Amerykańskie fundusze powiernicze w coraz większym wymiarze korzystają z internetu – wynika z badania przeprowadzonego przez American Century Adoption Study. Słabną obawy o zagrożenia bezpieczeństwa i prywatności pojawiające związane z wykorzystaniem globalnej sieci. Zaledwie 26% badanych przyznaje się do obaw związanych z bezpieczeństwem, podczas gdy jeszcze w 2000 r. takich osób było jeszcze 39%, a cztery lata temu aż 74%.
Również niezawodność działania nie jest już problemem dla Amerykanów – ten problem wskazało zaledwie 4% badanych. Prawie jedna czwarta badanych (23%) wykorzystuje internet do zawierania transakcji związanych z zakupem oraz sprzedażą akcji i jednostek uczestnictwa w funduszach zbiorowych.
Prawie połowa respondentów odwiedzała strony internetowe funduszy powierniczych. Robiono tak przede wszystkim z trzech powodów:
- aby sprawdzić stan konta (41%),
- sprawdzić wartość jednostek uczestnictwa (38%),
- znaleźć dane zawarte w prospekcie informacyjnym funduszu (29%).

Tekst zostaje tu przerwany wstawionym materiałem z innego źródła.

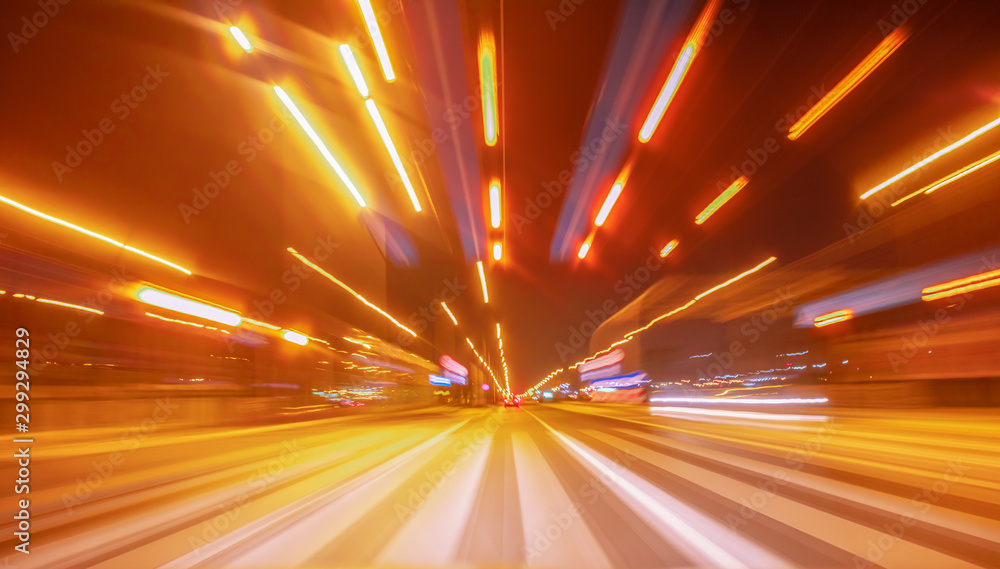 City colorful night lights perspective blurred by high speed of the car. A streak of light, trails.

Inwestujący w fundusze zbiorowe postrzegają internet jako pożyteczne narzędzie. Prawie trzy czwarte osób korzystających z usług funduszy wykorzystywało w 2001 r. strony internetowe do dokonywania różnego rodzaju zakupów. Aż 71% korzystających z usług funduszy powierniczych posiada dostęp do internetu.